PROVIDED MATERIAL »
════════
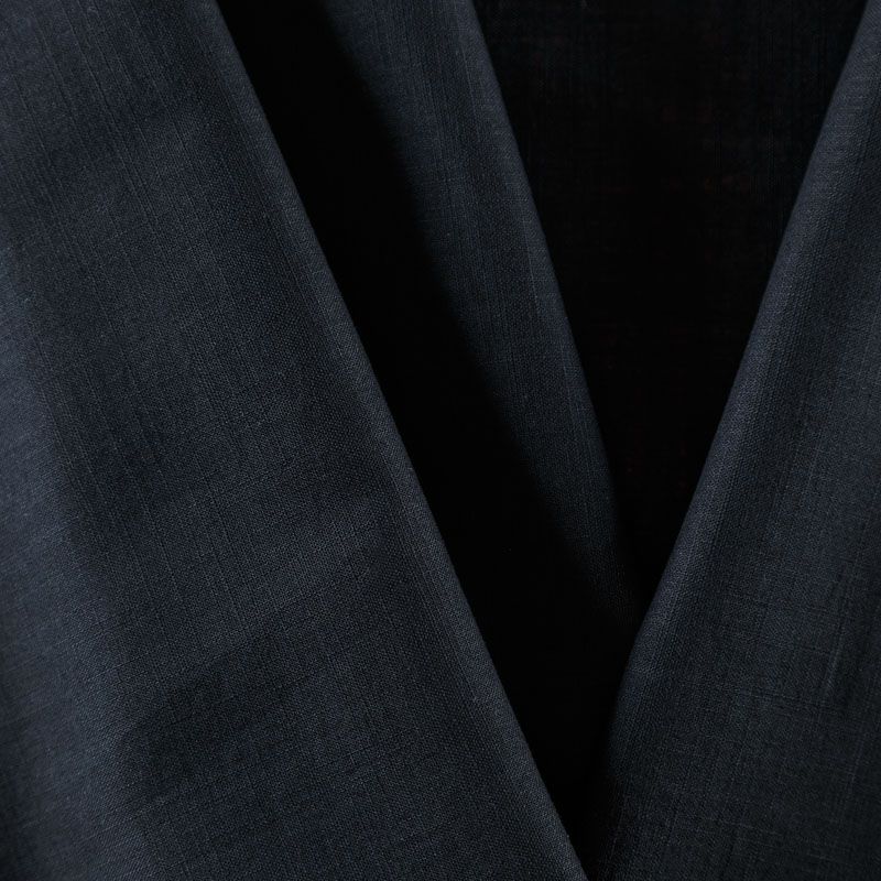 Итальянский плательно-рубашечный лен в черном оттенке. Ткань прочная, имееет на ощупь приятную, гладкую поверхность, а визуально - выраженный рельеф и полотняное переплетение, плачтичная, хорошо драпируется. Подойдет для пошива широких брюк, шорт, рубашек, туники, юбок, платьев, сарафанов, топов, комбинезонов.
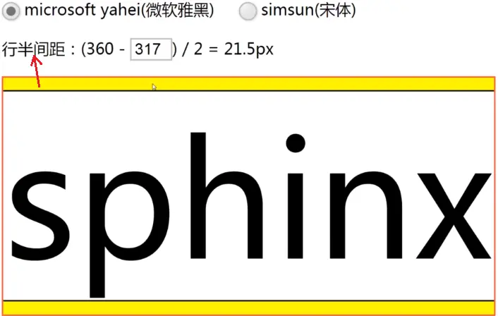 测试:font-size=240px,line-height=360px,分别计算行半间距。如图:
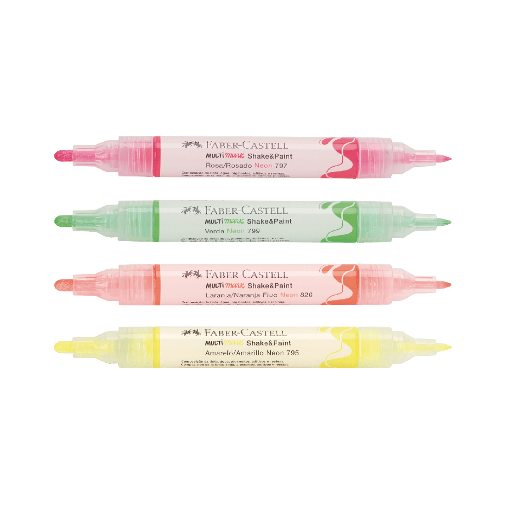 Marcadores MultiMark Multisuperfície Faber-Castell 4 Cores Neon - MM/ES4NSP
════════
EXERCISE INSTRUCTIONS »
Pictures aside, the material must be written out word for word.

RESULT FOR THIS EXERCISE »
 Итальянский плательно-рубашечный лен в черном оттенке. Ткань прочная, имееет на ощупь приятную, гладкую поверхность, а визуально - выраженный рельеф и полотняное переплетение, плачтичная, хорошо драпируется. Подойдет для пошива широких брюк, шорт, рубашек, туники, юбок, платьев, сарафанов, топов, комбинезонов.
 测试:font-size=240px,line-height=360px,分别计算行半间距。如图:
 Marcadores MultiMark Multisuperfície Faber-Castell 4 Cores Neon - MM/ES4NSP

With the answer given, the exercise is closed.